Congenital malformations, deformities, and chromosomal abnormalities (Q00-Q99).
- Hip dysplasia (maldevelopment of the acetabulum).
Endocrine, nutritional, and metabolic diseases (E00-E90).
- Rickets – disorder of bone metabolism in children leading to marked demineralization of bone (“bone softening”) and skeletal changes due to retardation of bone growth.
Cardiovascular system (I00-I99).
- Rheumatic fever – specific reaction that occurs after infection with serogroup A streptococci and leads to arthritides (inflammation of joints), inflammation of the heart such as peri/myocarditis (pericarditis/heart muscle inflammation), and CNS involvement in the form of chorea minor (neurologic autoimmune disease, characterized by hyperkinesias (involuntary movements), muscle hypotonia (lack of muscle strength and tone), and hyporeflexia (decreased ability to trigger a reflex)).
Infectious and parasitic diseases (A00-B99).
- Acute viral infection, unspecified (with arthralgia/joint pain).
Mouth, esophagus (food pipe), stomach, and intestines (K00-K67; K90-K93).
- Appendicitis (inflammation of the appendix) or other causes of abdominal pain.
Musculoskeletal system and connective tissue (M00-M99).
- Acute osteomyelitis (bone marrow inflammation).
- Autoimmune diseases – such as systemic lupus erythematosus (SLE) or dermatomyositis.
- Purulent arthritis (inflammation of the joints)
- Epiphysiolysis capitis femoris (femoral head dislocation); affected are mainly boys in puberty (about > 9 years of age); ratio of boys to girls is about 3: 1
- Coxitis fugax (“hip cold“) – non-infectious inflammation of the hip joint with spontaneous healing; for diagnosis: X-ray: structural disorder of the femoral head; sonography: effusion; inflammatory parameters (eg CRP): negativeThe disease is self-limiting; mean duration of symptoms about 5 days, in protracted course, this can be up to 14 days.

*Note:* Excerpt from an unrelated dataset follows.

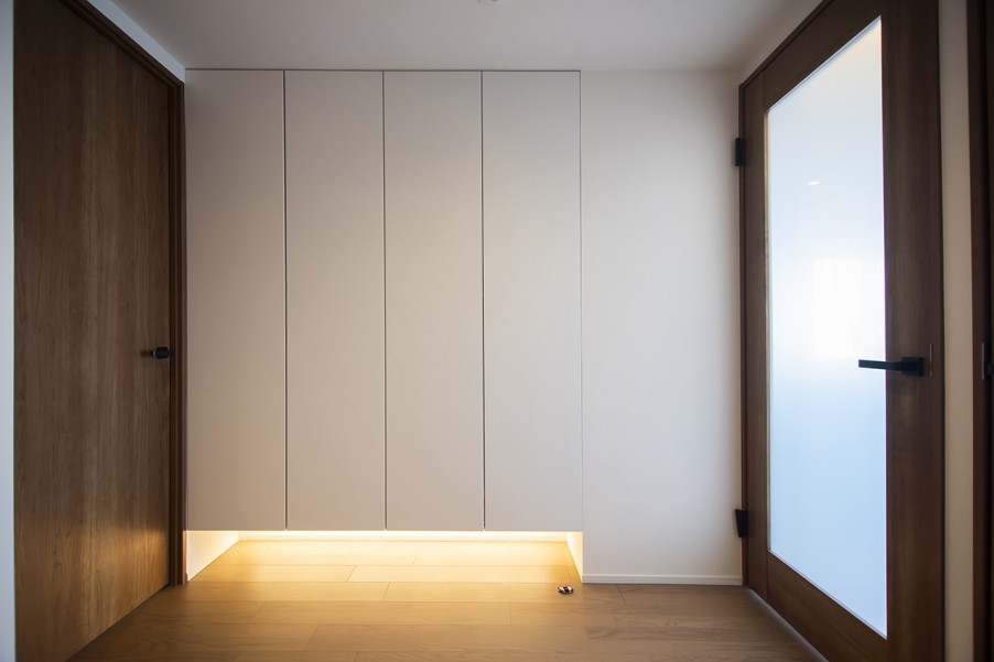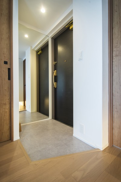 リノベーション前の間取りは、玄関や水まわりが非常にコンパクトな3LDKでした。玄関は、「靴の収納スペースが足りない」というお悩みを解決するため、天井まで届く大容量のシューズボックスを新設。浴室や洗面室も広く確保し、浴槽のサイズや洗面カウンターの高さにもこだわりました。
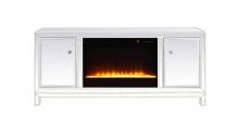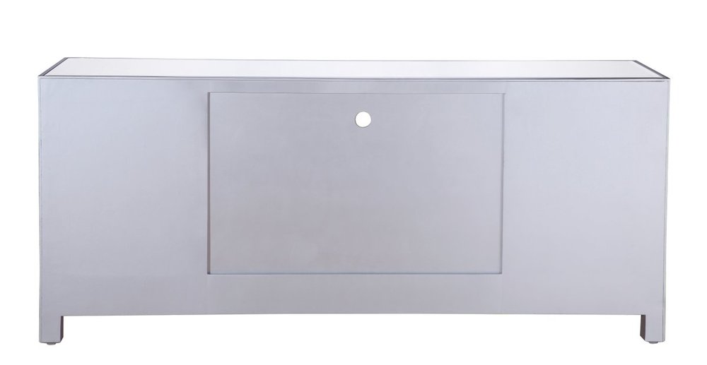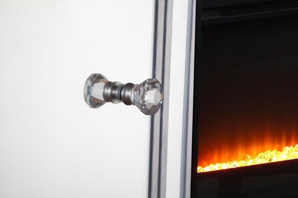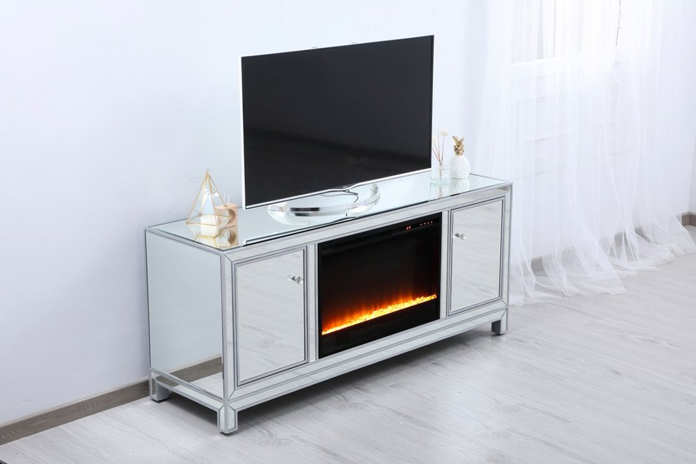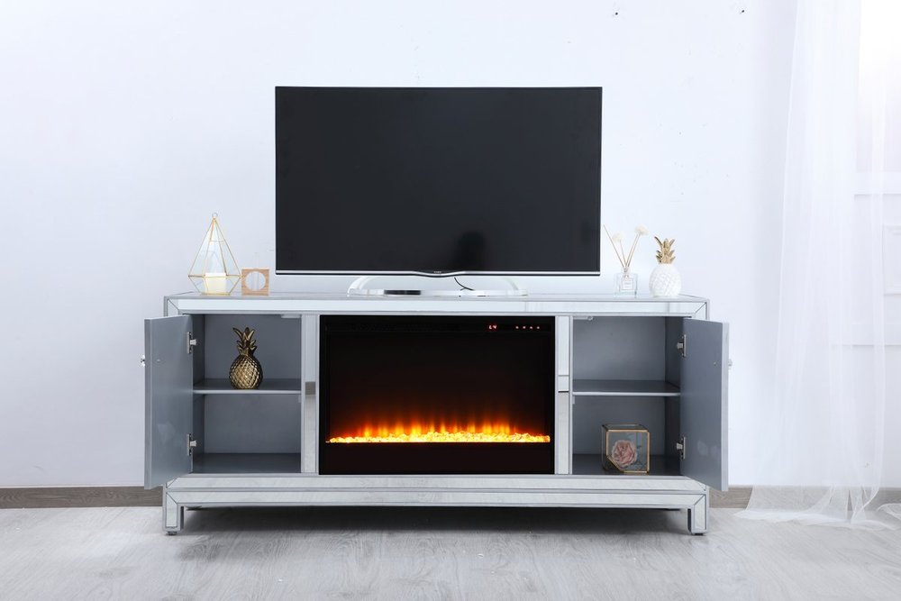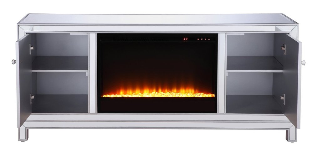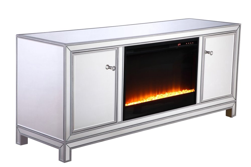 Sleek and vibrant, this classy media fireplace cabinet combo will make a striking statement in any room can showcase up to a 60" flat screen TV at a perfect height. Featuring gleaming criss-cross style mirror panel and hand-rubbed silver finish, brushed steel knobs. Functional and chic, with 2 soft-closing side doors. This includes the electric crystal fireplace insert that is easy to install into the cabinet. Beautiful crystals adorn the base of the fireplace. Set the mood with adjustable temperature and lighting settings.

- Coxitis (hip joint inflammation), unspecified; native hip joint infection or periprosthetic infection (PPI; see “Operations” below); risk factors: Obesity, diabetes mellitus, malignancies (cancers), rheumatoid arthritis, revision arthroplasty, and immunosuppression (suppression of the immune system); symptomatology: Local signs of inflammation (swelling, redness or hyperthermia) (can occur at any age; but preferably in infants or young children < 4 years)Most common differential diagnoses in infants and children (2 to 10 years) with coxitis are coxitis fugax and idiopathic necrosis of the femoral head (Perthes disease).
- Femoral head necrosis (actually incorrect: femoral head necrosis) – disease characterized by death of part of the bony head of the femur. (possibly drug-induced).

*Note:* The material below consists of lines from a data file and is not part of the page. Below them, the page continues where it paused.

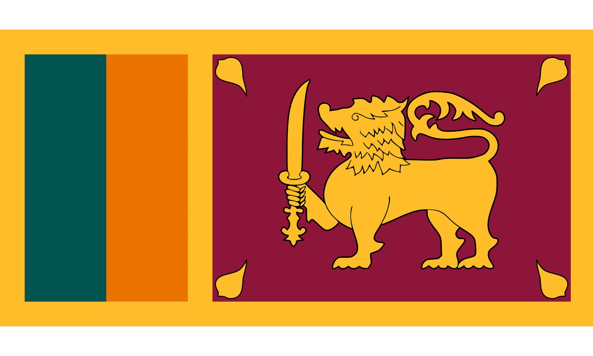 INR-SLN-15x22-2 - государственный флаг Шри-Ланки, размер: 15х22 см, материал: атлас. Печать с двух сторон. Подставка и шток приобретаются отдельно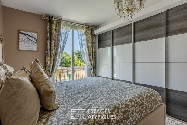 Built in the center of a pretty plot of more than 1000 m2, in a very calm and green environment, the house offers 165 m2 of functional spaces. As soon as you enter the living room, you will see the care taken with the place. The room is bright and offers a cozy living room in continuity. The equipped and fitted kitchen promises you friendly moments around its island. Its bay window opens directly onto the terrace and the swimming pool. Still on the ground floor, you will find a games room or bedroom with independent entrance, an elegant bathroom and a linen room where storage is optimized. To reach the upper floor, the stairwell lets light through its glass roofs, making the two levels harmoniously connected. There is a guest room, a master bedroom with large closet, three bedrooms, an office and a bathroom. Three of these rooms open onto a balcony offering a view with perspective.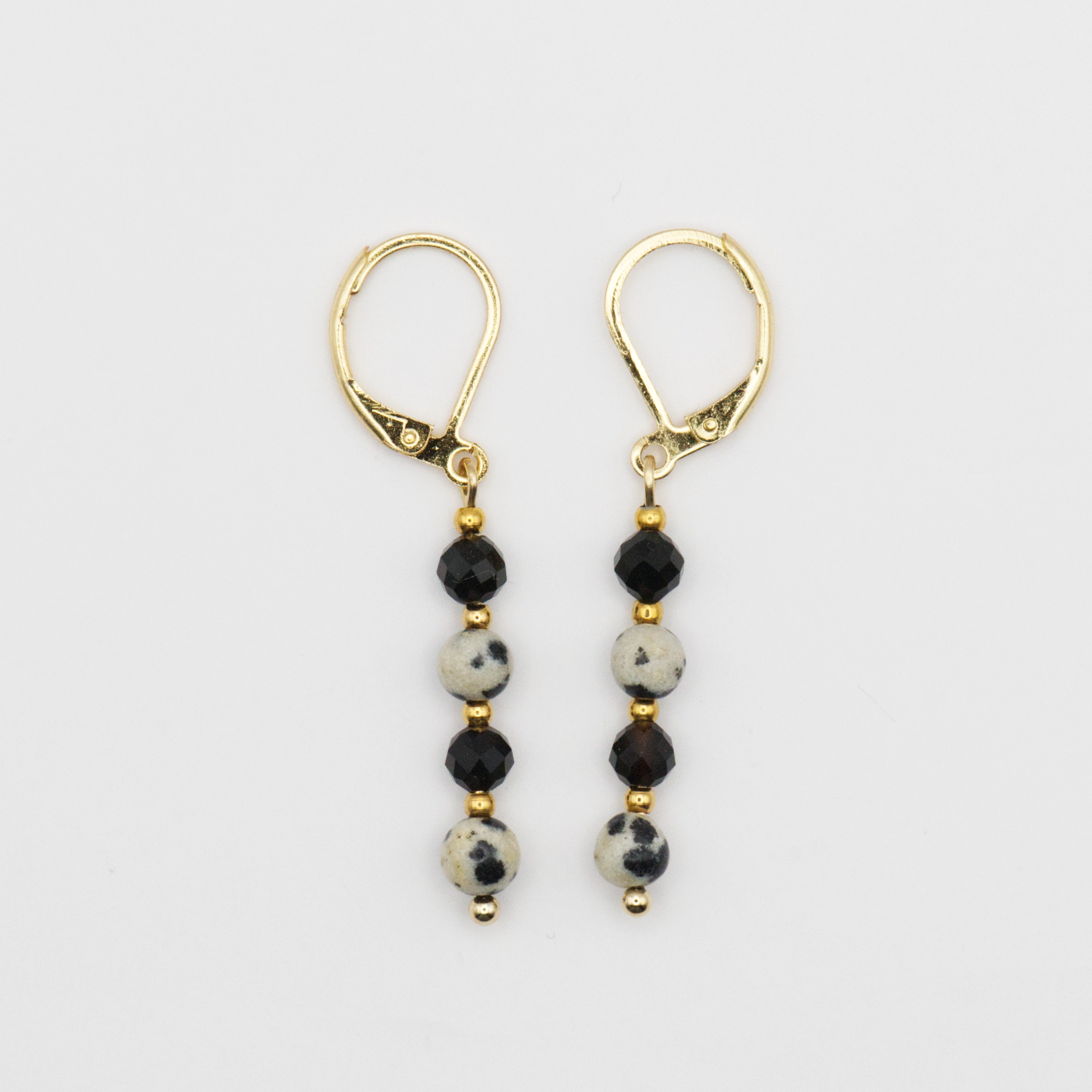 kolczyki z japisem dalmatyńskim i czarnym agatemKolczyki z jaspisem dalmatyńskim i czarnym agatem – Jaspis & Agat 2 Colors

- Hip dislocation – dislocation of the femoral head.
- Juvenile idiopathic arthritis (JIA, older synonyms: juvenile rheumatoid arthritis (JRA), juvenile chronic arthritis), oligoarticular (simultaneous inflammation of 2 to 4 joints).
- Perthes disease – aseptic bone necrosis (necrosis (tissue death) of bones occurring in the absence of infection (“aseptic”) due to an inadequate supply of blood (ischemia)) of the caput femoris (femoral head; head of femur) occurring in childhood; clinical picture: physical examination reveals painfully limited internal rotation ability (internal rotation: When a direction of rotation faces inward when viewed from the front) of the hip, reduced abduction (moving a body part away from the body axis) in hip extension, and a right-sided positive Drehmann sign (present when 90° flexion in the hip joint is possible only with abduction and external rotation of the leg)
- Osteochondrosis dissecans – circumscribed aseptic bone necrosis below the articular cartilage, which may end with the rejection of the affected bone area with the overlying cartilage as a free joint body (joint mouse).
- Osteomyelitis (inflammation of the bone marrow), acute.
- Scoliosis – sideways bent spine.
- Transitory synovitis – temporary inflammation of the synovial membrane.
Neoplasms – tumor diseases (C00-D48)
- Malignant neoplasm in the area of the bone.
Psyche – nervous system (F00-F99; G00-G99).
- Duchenne muscular dystrophy – genetic muscle wasting.
- Infantile cerebral palsy – neurological disorder whose causative damage to the central nervous system occurs before, during, or immediately after birth.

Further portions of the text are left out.